Only the lines from the line containing "Anzahl der rezensierten" to the end of the material belong in the copy; set them down exactly, without pictures.

» Data excerpt:
────────────────────

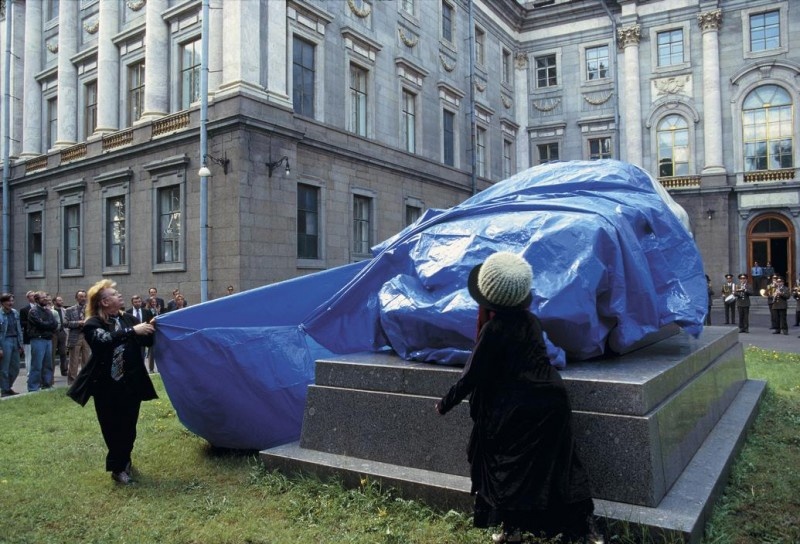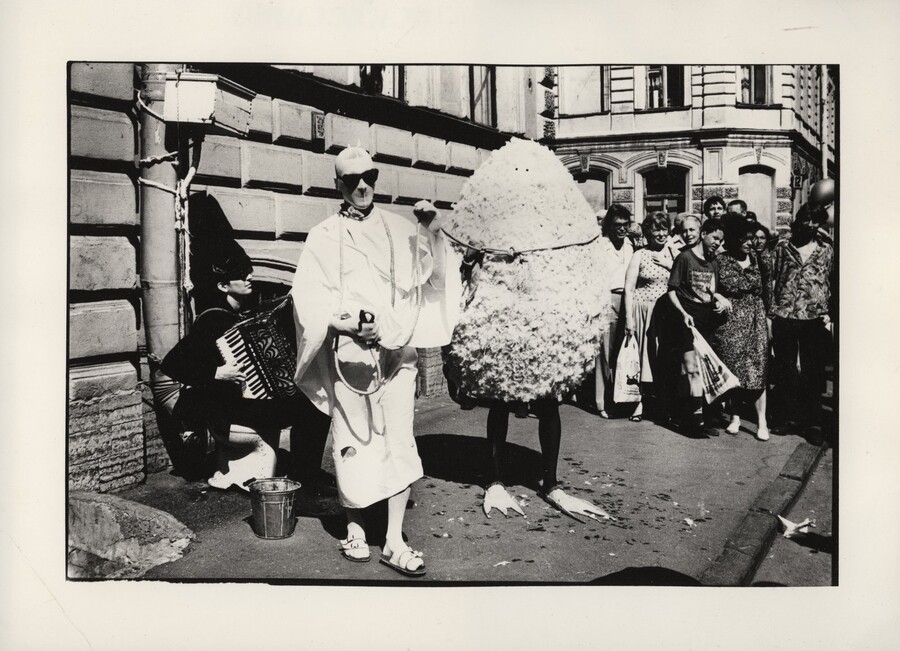 На фото слева: Объединение «Тут-и-Там», акция «Оперение Медного Всадника», 1994 [11]
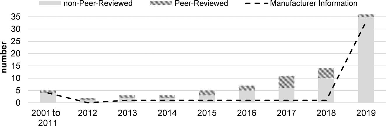 Anzahl der rezensierten Literaturquellen nach Art, zugeordnet zu peer-reviewten oder nicht peer-reviewten Arbeiten in den Jahren 2001 bis 2019 (Sarc et al. 2019b)
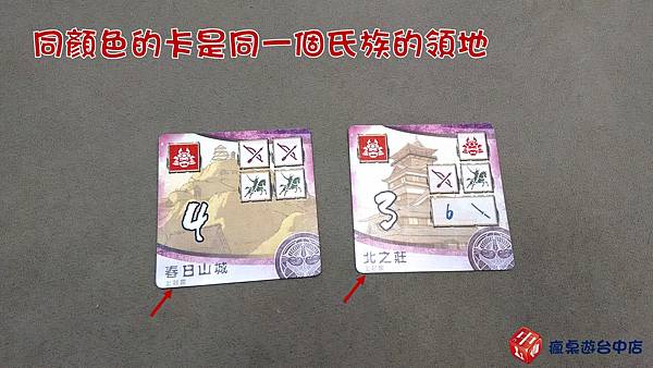 另外可以注意到,卡片會有不同的顏色,同一個顏色代表是同一個氏族的領地。

────────────────────

» Exercise response:
 Anzahl der rezensierten Literaturquellen nach Art, zugeordnet zu peer-reviewten oder nicht peer-reviewten Arbeiten in den Jahren 2001 bis 2019 (Sarc et al. 2019b)
 另外可以注意到,卡片會有不同的顏色,同一個顏色代表是同一個氏族的領地。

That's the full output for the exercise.